The bill would require the university to manage its general revenue bond program so that not more than 15% of
its General Fund support appropriation, less a prescribed amount, is used for the total of the following: debt service for specified capital expenditures, pay-as-you-go capital outlay, and State Public Works Board rental payments.
This bill would require the University of California to report biennially to the Legislature and the Department of Finance, beginning on or before October 1, 2014, and on or before October 1 of each even-numbered year through 2020, on the total costs of education at the university on a systemwide and campus-by-campus basis, as specified.

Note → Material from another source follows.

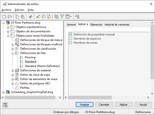 - Pulse en la ficha Aplicar a y seleccione Definición de propiedad manual.
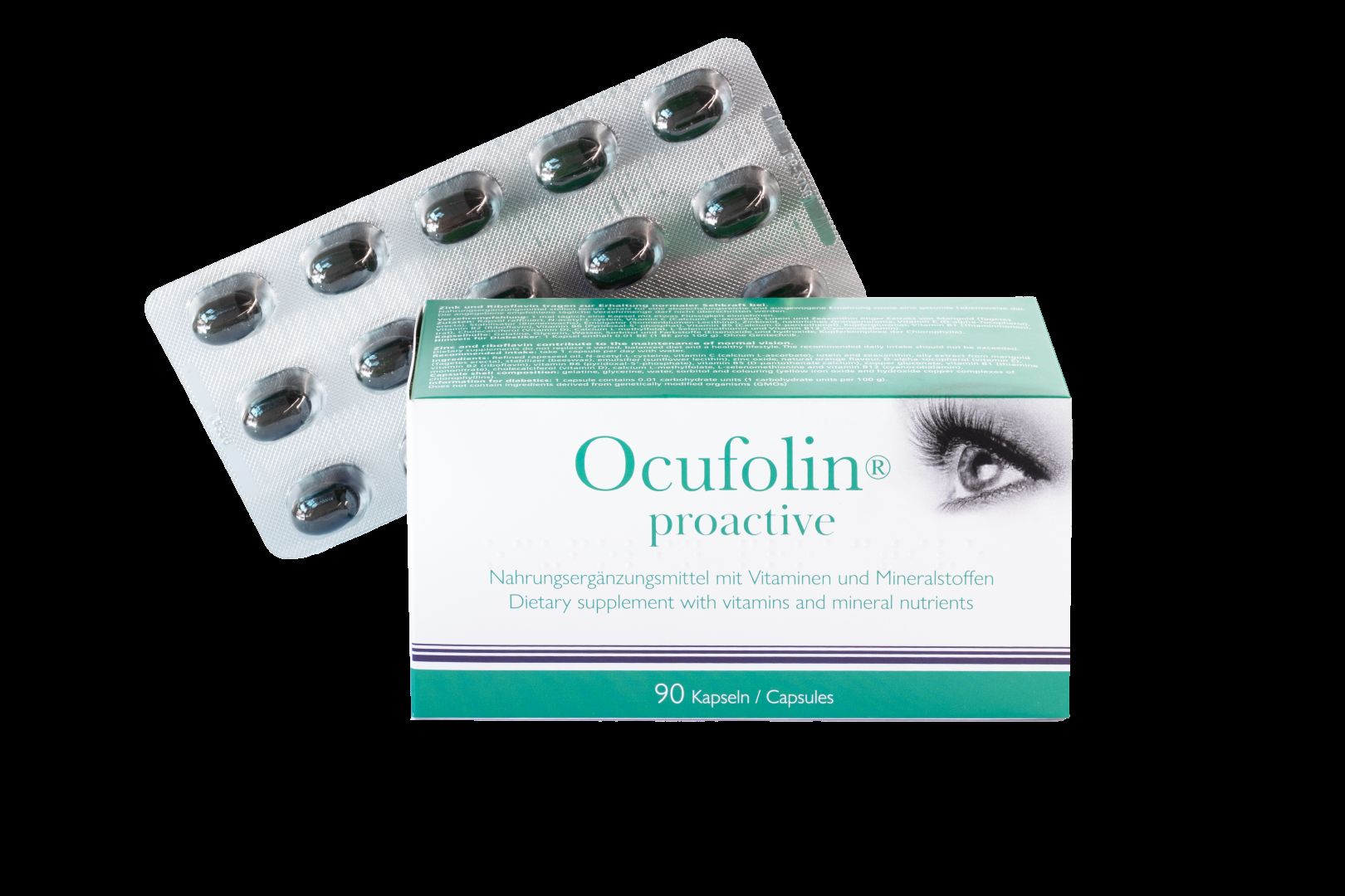 Inhaltsstoffe Ocufolin® proactive: Durchschnittliche Nährwertangaben/ pro Kapsel/ pro 100 g Brennwert 19.3 kJ / 4.7 kcal 2359 kJ / 568 kcal Fett 344 mg / 42 g Gesättigte Fettsäuren 52.5 mg / 6.4 g Kohlehydrate 172 mg / 21 g davon Zucker 21.3 mg / 2.6 g Eiweiss 213 mg / 26 g Salz 0.7 mg / 0.09 g |

This bill, commencing with the 2013–14 academic year, would require the University of California to report, by March 1 of each year, on specified performance measures, including various calculations of graduation rates and amounts spent per degree, for the preceding academic year.
This bill would appropriate $375,000 from the 1996 Higher Education Capital Outlay Bond Fund to the University of California for the purpose of funding the equipment phase of the Science and Engineering Building at the Merced campus, as specified, during the 2013–14 fiscal year, with the appropriation available for encumbrance until June 30, 2016, subject to the enactment of a resolution by the Regents of the University of California requiring the payment of prevailing wage rates by the contractors and subcontractors working on this project, and all other capital outlay projects undertaken by the University of California that are funded using nonstate funds or are otherwise not financed with the funds appropriated for this project, during the 2013–14 fiscal year.

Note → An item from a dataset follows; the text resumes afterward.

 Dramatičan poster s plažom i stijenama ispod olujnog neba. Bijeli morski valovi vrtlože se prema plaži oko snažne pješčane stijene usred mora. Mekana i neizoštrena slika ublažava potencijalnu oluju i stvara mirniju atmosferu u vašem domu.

This bill would require the University of California to allocate and encumber from a specified appropriation the amount necessary to pay in full all amounts that are
reasonably anticipated to become due and payable during the 2013–14 fiscal year for lease revenue and general obligation bond debt service. The bill would require the Controller to transfer funds from the specified appropriation in accordance with specified schedules.

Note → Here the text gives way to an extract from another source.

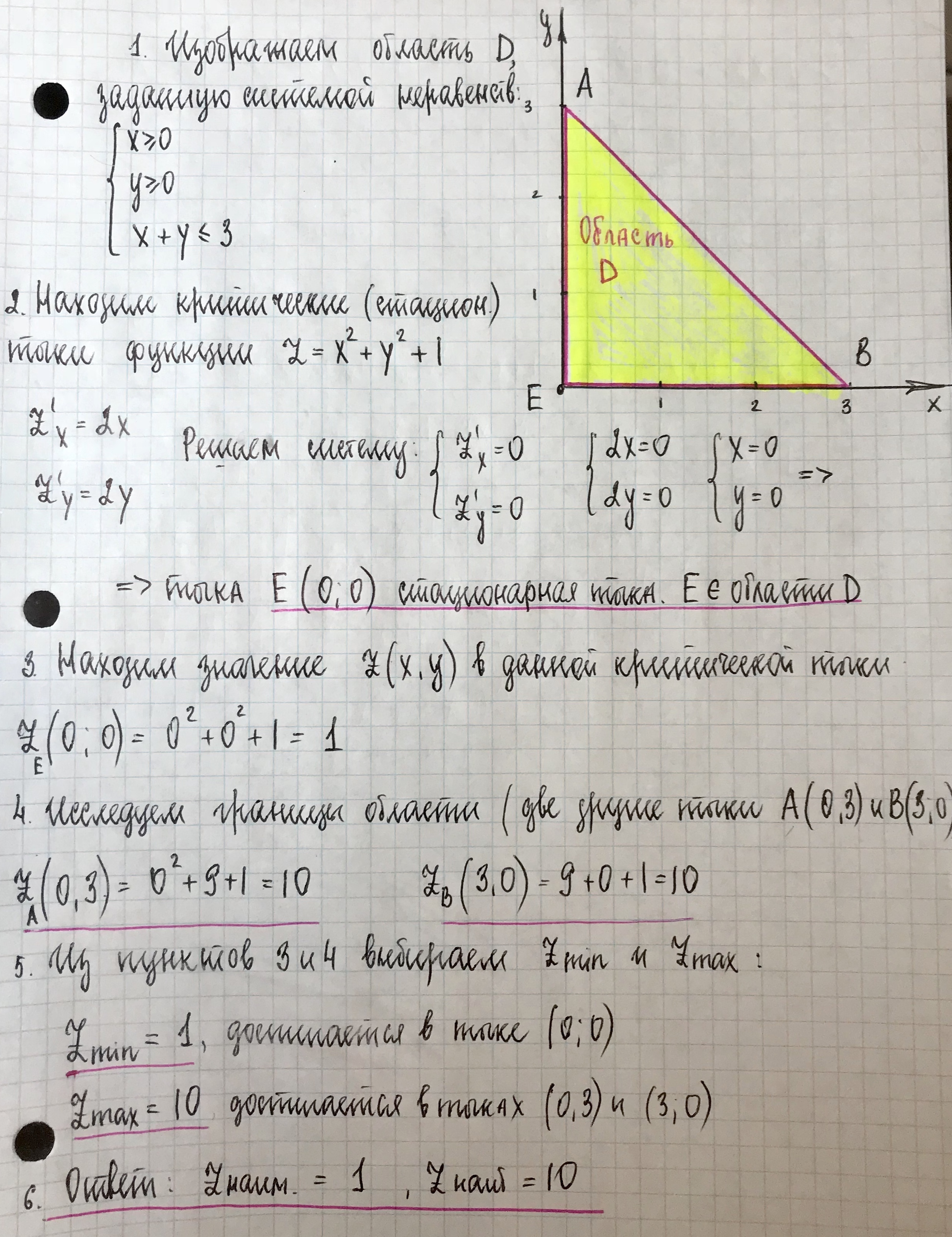 Найти наибольшее и наименьшее значения функции z = f(x,y) в
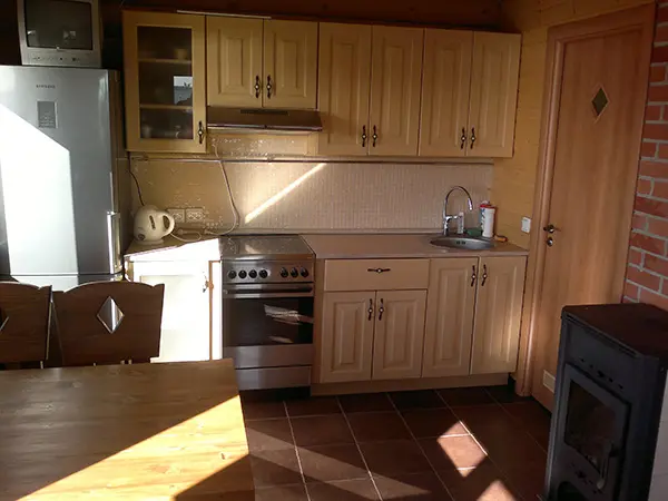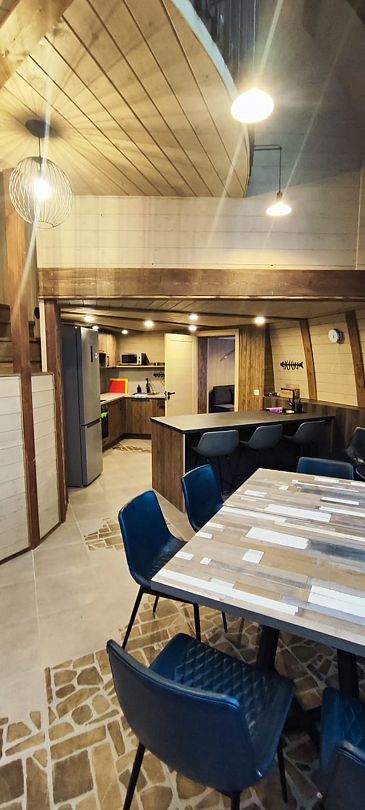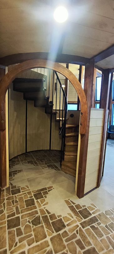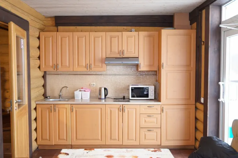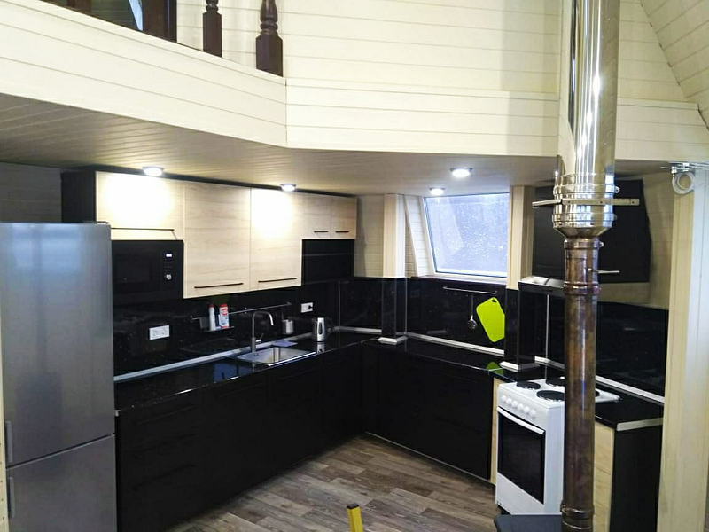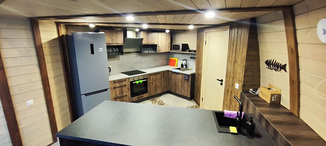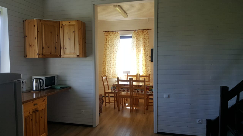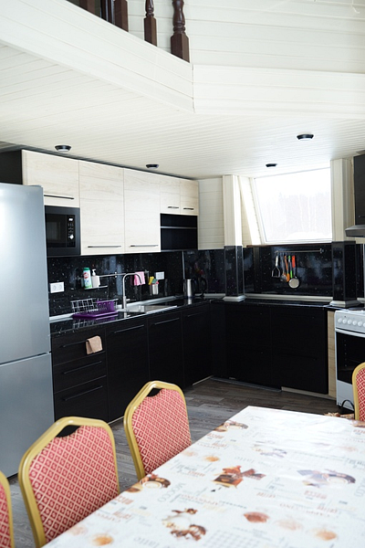 1 этаж — столовая, полностью оборудованная кухня, санузел с душевой кабиной, русская баня.

This bill would allocate $15,000,000 from a specified appropriation in the Budget Act of 2013 to the Regents of the University of California for the School of Medicine at the University of California, Riverside, for specified purposes.
The bill would require, on or before April 1 of each year, the University of California to provide progress reports and specified information consistent with the published mission and vision of the University of California, Riverside, School of Medicine to the relevant policy and fiscal committees of the Legislature pertaining to funding, recruitment, hiring, and
outcomes for the University of California, Riverside, School of Medicine.
The bill would declare that the absence of language in the Budget Act of 2013 specifying that the University of California and the Hastings College of the Law shall use budgeted funds for retirement costs is not an indication of legislative support for, or acceptance of, increased retirement costs being paid for by employees of the University of California and the Hastings College of the Law.
(5) This bill would declare that it is to take effect immediately as a bill providing for appropriations related to the Budget Bill.